• _Collected data_:

-.-.-

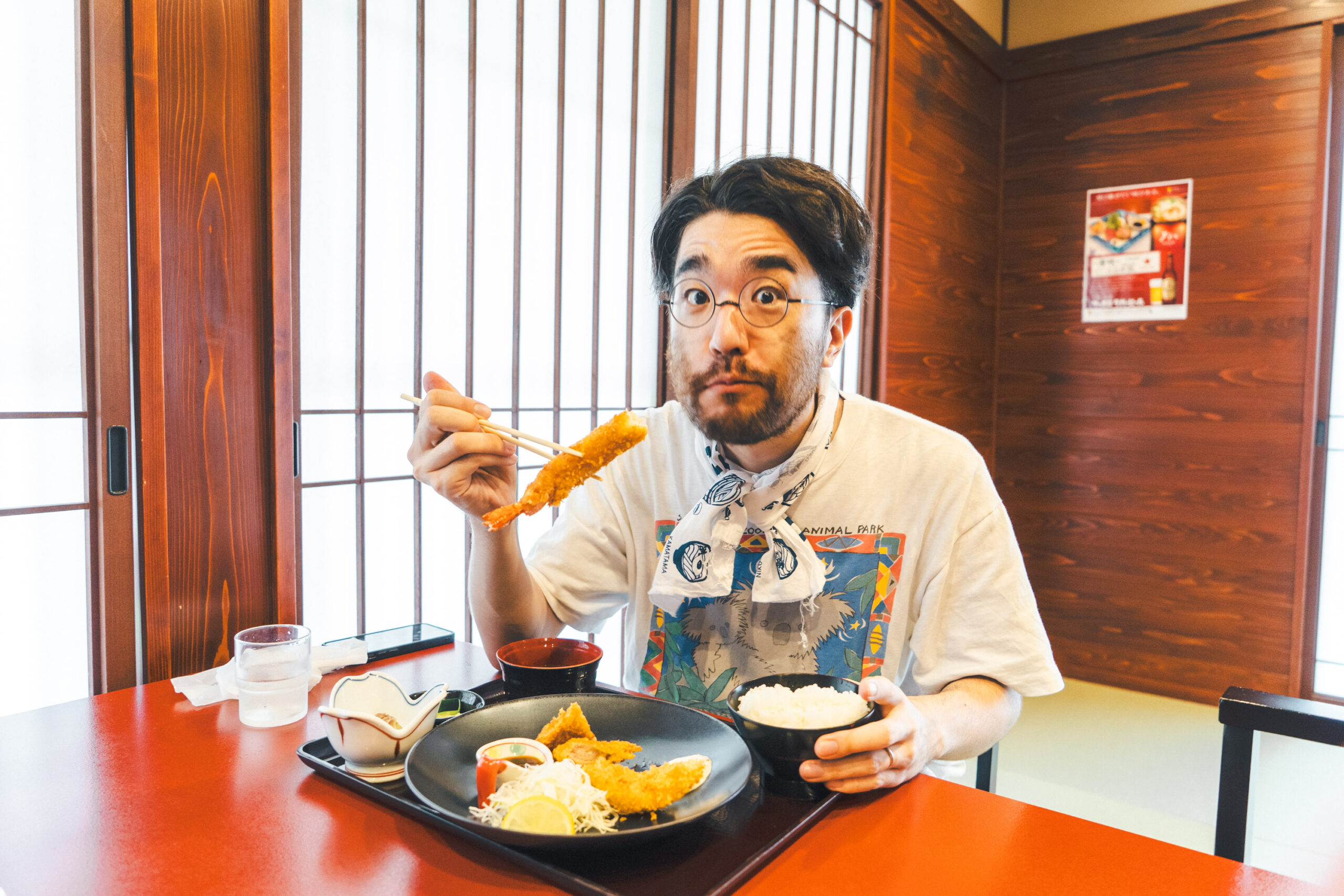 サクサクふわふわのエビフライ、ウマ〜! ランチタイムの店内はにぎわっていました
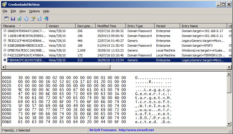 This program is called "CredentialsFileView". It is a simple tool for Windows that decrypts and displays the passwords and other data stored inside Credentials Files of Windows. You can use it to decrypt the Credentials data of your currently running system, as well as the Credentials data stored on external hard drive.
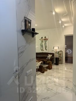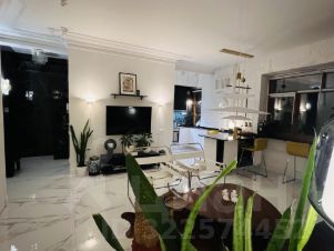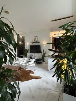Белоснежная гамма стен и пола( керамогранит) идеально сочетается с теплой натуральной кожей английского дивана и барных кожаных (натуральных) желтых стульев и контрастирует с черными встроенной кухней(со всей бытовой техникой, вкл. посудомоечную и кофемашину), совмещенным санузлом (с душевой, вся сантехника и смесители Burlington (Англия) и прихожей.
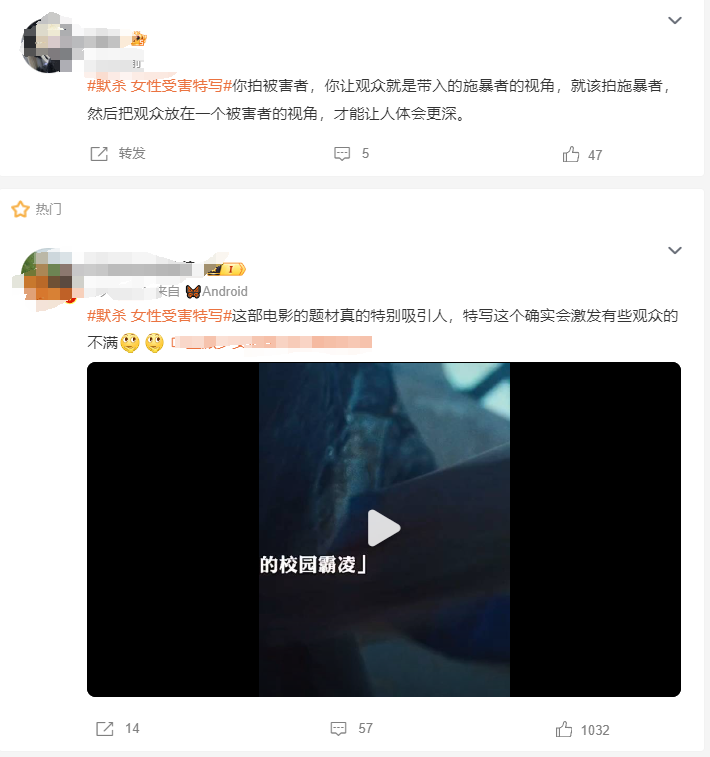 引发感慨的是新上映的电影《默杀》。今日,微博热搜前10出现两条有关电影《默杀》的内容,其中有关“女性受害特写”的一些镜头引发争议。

-.-.-

• _Your assignment_: Go back to the line that contains "This program is" and copy it, along with each line after it through the end of the listing above, exactly and without pictures.

• _Response to the exercise_:
 This program is called "CredentialsFileView". It is a simple tool for Windows that decrypts and displays the passwords and other data stored inside Credentials Files of Windows. You can use it to decrypt the Credentials data of your currently running system, as well as the Credentials data stored on external hard drive.
Белоснежная гамма стен и пола( керамогранит) идеально сочетается с теплой натуральной кожей английского дивана и барных кожаных (натуральных) желтых стульев и контрастирует с черными встроенной кухней(со всей бытовой техникой, вкл. посудомоечную и кофемашину), совмещенным санузлом (с душевой, вся сантехника и смесители Burlington (Англия) и прихожей.
 引发感慨的是新上映的电影《默杀》。今日,微博热搜前10出现两条有关电影《默杀》的内容,其中有关“女性受害特写”的一些镜头引发争议。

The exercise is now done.